Feds gauge Columbus fentanyl stash’s impact
The largest stash of fentanyl ever seized in Columbus was discovered earlier this summer inside a small green house on the city’s East Side.
A team of federal Drug Enforcement Administration agents, accompanied by local law-enforcement officers, found 22 pounds of fentanyl during a June 22 search of the 960-square-foot residence on South Napoleon Avenue, federal court records show. It was the biggest recorded fentanyl seizure yet in Columbus, said Mauricio Jimenez, the agent in charge of the DEA’s Columbus office since February.
Four men — all undocumented immigrants from Mexico — are being held on federal charges of conspiracy to distribute fentanyl along with heroin and methamphetamine, which also were recovered from the house, Jimenez said.
The four people charged with seven counts each are Tomas Palma (also known as Tomas Sandoval), 31; Alvaro Gasca-Cardoso, 37; Alexis Zazueta-Soto, 44; and Salatiel Ramos-Rojas, 40.
Ramos-Rojas was the person renting the one-story house in the 400 block of South Napoleon Avenue, federal court documents show.
Federal agents are still investigating how the drugs were transported to Columbus, but they are certain they were part of a trafficking operation that stretches far beyond Ohio, Jimenez said. The counts involving heroin trafficking say the drug was distributed in the Columbus area from about May 1 through June 22, court records show.
Fentanyl is a man-made painkilling drug that can be 50 times more potent than heroin, depending on its purity. Exposure to a very small amount of fentanyl — the granular size of a needle head — can be deadly, Jimenez said.
Much of the fentanyl found in the United States is made in China and shipped to Mexico, or made in Mexico and brought over the border, he said.
“The Mexican cartels, they didn’t reinvent the wheel . ... The same trade routes are still being used” that were used for the heroin, methamphetamine, cocaine and marijuana that came before, Jimenez said.
In a recent case in New Carlisle in Clark County, law enforcement learned that a man was paid $6,000 to drive a van containing what was thought to be 20 pounds of fentanyl from Nuevo Leon, Mexico, to the Dayton area on June 11, federal court records show. Laboratory testing later determined the suspected fentanyl was actually cocaine; federal charges are pending against four men in U.S. District Court in Dayton.
Part of the ongoing investigation of the fentanyl seizure in Columbus will determine if any casualties can be connected to drug sales, Jimenez said.
“We’re always looking to find these people who have been hurt,” he said. “That’s just not specific to this investigation.”
Fentanyl, which is frequently being mixed with heroin, is considered to be at the root of the spike in overdose deaths in Ohio and nationwide.

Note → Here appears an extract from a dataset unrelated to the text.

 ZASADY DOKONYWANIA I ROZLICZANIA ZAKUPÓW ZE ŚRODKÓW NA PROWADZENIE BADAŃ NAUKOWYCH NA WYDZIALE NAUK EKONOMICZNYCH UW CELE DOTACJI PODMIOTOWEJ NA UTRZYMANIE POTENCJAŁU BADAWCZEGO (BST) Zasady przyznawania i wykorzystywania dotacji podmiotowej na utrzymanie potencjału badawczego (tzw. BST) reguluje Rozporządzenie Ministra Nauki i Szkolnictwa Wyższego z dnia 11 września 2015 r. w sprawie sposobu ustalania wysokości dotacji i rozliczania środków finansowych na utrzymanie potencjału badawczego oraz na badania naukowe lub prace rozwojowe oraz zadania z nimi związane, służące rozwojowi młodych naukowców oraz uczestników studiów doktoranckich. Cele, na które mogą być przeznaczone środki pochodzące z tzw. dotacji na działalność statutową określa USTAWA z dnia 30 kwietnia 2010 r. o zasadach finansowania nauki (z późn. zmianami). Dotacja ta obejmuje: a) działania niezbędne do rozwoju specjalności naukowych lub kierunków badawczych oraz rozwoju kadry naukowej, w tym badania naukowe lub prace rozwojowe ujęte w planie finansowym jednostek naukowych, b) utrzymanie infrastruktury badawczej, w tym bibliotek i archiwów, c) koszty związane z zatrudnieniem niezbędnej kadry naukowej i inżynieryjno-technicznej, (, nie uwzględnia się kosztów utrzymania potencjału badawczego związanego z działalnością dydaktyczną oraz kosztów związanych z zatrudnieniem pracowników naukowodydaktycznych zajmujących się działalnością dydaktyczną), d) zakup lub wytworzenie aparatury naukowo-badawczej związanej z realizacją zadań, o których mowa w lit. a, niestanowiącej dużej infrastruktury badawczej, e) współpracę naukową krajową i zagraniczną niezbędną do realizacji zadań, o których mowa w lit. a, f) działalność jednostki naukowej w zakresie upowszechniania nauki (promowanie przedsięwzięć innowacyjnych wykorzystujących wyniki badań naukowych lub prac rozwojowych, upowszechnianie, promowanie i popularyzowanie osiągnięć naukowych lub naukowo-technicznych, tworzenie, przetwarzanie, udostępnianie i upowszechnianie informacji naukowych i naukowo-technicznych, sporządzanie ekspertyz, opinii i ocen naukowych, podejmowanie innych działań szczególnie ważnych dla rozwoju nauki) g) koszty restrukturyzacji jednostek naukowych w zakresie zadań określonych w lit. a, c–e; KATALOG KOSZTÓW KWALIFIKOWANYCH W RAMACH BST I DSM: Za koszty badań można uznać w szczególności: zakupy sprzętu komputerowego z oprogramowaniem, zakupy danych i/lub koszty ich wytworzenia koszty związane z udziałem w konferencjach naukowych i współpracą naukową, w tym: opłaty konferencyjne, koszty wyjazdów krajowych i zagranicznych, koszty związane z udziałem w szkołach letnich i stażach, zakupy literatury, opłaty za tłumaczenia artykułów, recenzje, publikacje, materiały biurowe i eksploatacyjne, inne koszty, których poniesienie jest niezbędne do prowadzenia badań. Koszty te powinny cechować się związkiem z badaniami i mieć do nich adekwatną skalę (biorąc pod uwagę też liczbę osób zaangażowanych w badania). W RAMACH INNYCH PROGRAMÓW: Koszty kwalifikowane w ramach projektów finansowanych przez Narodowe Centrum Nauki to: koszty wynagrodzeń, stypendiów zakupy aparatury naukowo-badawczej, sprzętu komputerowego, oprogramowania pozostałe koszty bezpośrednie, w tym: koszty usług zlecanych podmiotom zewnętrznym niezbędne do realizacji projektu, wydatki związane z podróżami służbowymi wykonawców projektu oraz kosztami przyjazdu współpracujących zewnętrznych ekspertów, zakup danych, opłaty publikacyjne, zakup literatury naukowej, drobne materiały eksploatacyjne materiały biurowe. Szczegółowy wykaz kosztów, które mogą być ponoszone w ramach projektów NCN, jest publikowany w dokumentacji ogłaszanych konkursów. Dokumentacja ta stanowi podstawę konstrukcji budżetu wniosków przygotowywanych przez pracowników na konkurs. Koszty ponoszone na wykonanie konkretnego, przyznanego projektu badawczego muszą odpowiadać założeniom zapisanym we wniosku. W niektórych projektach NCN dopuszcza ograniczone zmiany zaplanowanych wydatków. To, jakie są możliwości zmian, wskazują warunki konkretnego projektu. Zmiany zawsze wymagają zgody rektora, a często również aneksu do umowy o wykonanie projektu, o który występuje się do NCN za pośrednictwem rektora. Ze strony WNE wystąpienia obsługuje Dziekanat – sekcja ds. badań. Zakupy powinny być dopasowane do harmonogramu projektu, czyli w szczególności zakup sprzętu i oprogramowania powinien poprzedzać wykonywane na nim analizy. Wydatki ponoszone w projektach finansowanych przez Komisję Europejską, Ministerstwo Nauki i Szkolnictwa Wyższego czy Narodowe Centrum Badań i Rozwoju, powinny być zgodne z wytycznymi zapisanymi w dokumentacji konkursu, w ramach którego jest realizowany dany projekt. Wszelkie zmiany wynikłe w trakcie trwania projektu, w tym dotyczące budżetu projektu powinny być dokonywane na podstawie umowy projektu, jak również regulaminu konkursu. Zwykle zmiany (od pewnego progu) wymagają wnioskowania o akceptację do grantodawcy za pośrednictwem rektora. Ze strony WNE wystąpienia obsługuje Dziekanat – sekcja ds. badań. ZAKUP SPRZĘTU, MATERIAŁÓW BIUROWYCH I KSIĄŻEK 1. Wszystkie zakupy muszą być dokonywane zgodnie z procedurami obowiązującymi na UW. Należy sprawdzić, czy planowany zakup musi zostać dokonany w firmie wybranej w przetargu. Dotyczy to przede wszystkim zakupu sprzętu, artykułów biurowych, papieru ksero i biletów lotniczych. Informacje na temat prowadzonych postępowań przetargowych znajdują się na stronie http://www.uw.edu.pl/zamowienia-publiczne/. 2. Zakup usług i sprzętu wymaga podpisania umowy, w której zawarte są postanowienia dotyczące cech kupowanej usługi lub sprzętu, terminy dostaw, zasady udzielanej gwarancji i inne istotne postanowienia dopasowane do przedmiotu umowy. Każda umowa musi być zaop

It has contributed mightily to Ohio’s total of 5,137 drug-overdose deaths in 2017, which was a 17.6 percent increase over the prior year.
U.S. Attorney General Jeff Sessions recently announced Operation Synthetic Opioid Surge, a program designed to provide more resources to cut the supply of deadly synthetic opioids in locations where overdose rates are high. The Southern District of Ohio, which includes Columbus, Cincinnati and Dayton, was identified as one of the 10 hardest-hit areas for opioid abuse in the nation.
The greatest attention will be given to Montgomery County and the Dayton metro areas, U.S. Attorney Benjamin C. Glassman said.
Montgomery County had a record 566 overdose deaths in 2017.
By comparison, Franklin County, which has a higher population, set its own record of 520 overdose deaths last year, with 66.5 percent of them fentanyl-related, according to the Franklin County coroner’s office. In 2016, Franklin County had 353 overdose deaths.